An important market for manufactured goods, Russia has also managed to replace Western high-tech and consumer products by also turning to China or other Asian countries, while combining its supplies with unauthorized imports via various intermediaries. like Turkey.

The trio of China, India and Turkey has enabled the Kremlin's exports to generate 130 billion dollars in two years

,” notes the economist, almost enough to compensate for the fall in sales from Russia to the 27 countries of the EU, US, Japan and South Korea ($139 billion).

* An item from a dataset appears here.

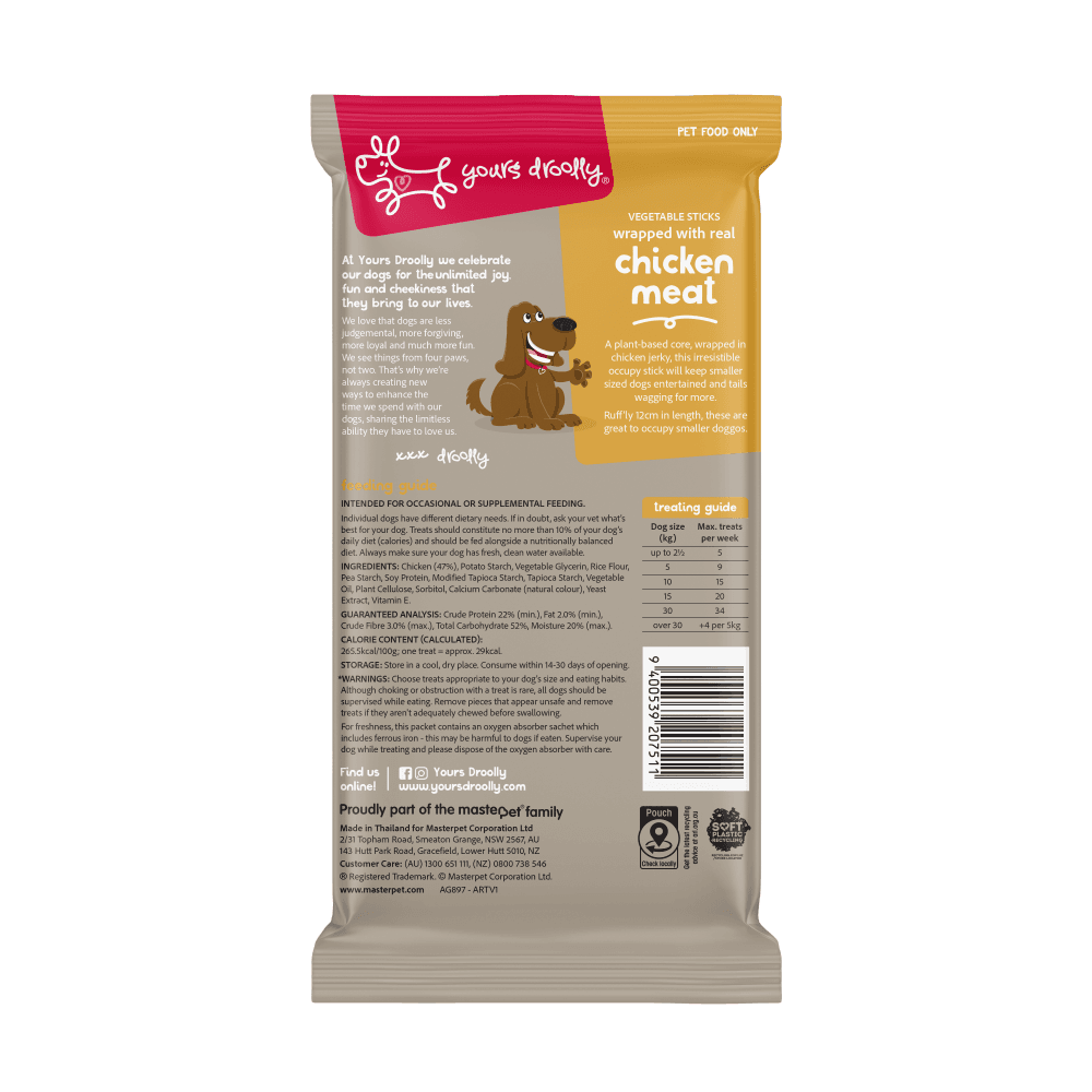Yours Droolly Dog Chicken Wrapped Small Sticks are a delicious and engaging treat designed for small breed dogs of all lifestages. These dual-texture sticks feature a plant-based core wrapped in real chicken breast meat, providing a low-fat enrichment snack that supports dental health by encouraging natural chewing behaviour.

Regarding raw materials, Russia has consolidated its strategic place in the international economy.

“Russian resources are essential to global industries, including Western ones, aluminum, titanium, not to mention wheat and food products

,” notes Tatiana Kastoueva-Jean.

The country exported 59 million tonnes of cereals between July 2022 and June 2023, and is expected to export 61 million tonnes next season.

The leading fertilizer producer, Moscow has almost restored its export levels after a fall of 22% in 2022.

An overheating economy

Domestically, Russian private companies escaped sanctions, established new partnerships inside and outside the country, and continued to support employment throughout the war.

The departure of Western companies has freed up market share for Russian entrepreneurs.

“In the first quarter of 2023, the net increase in the number of registered commercial enterprises exceeded the 50,000 mark, with the number of individual entrepreneurs under the age of 35 increasing by 40%

,” writes Vladislav Inozemtzev.

The financial sanctions themselves have had only a limited impact: the amount of frozen assets of the Central Bank of the Russian Federation (around $300 billion) is the same as Russia's trade surplus in 2022. Furthermore, the yuan has replaced the dollar and the euro to serve Russian foreign trade.

The fact remains that, with high inflation, soaring defense spending (+70% planned for 2024), interest rates at 16% and maximum use of production capacities, the Russian economy is overheating.

If political opponents are muzzled, this is not the case for economists' criticisms.

The director of the Central Bank herself, Elvira Nabioullina, whose skills are respected by her foreign peers, warned a few weeks ago that in this situation

“we can go very high, but not for long.”

The loss of human capital - a million qualified executives are said to have left the country - could, in the long term, cost Russia more than the financial losses caused by the war, warns Vladislav Inozemtzev.

For the moment, labor shortages are pushing up wages, but this will not last.

“By the end of the 2020s, the country will lose a significant portion of its pre-war industrial capacity, with GDP that could contract by 10% to 15% before the end of the decade.”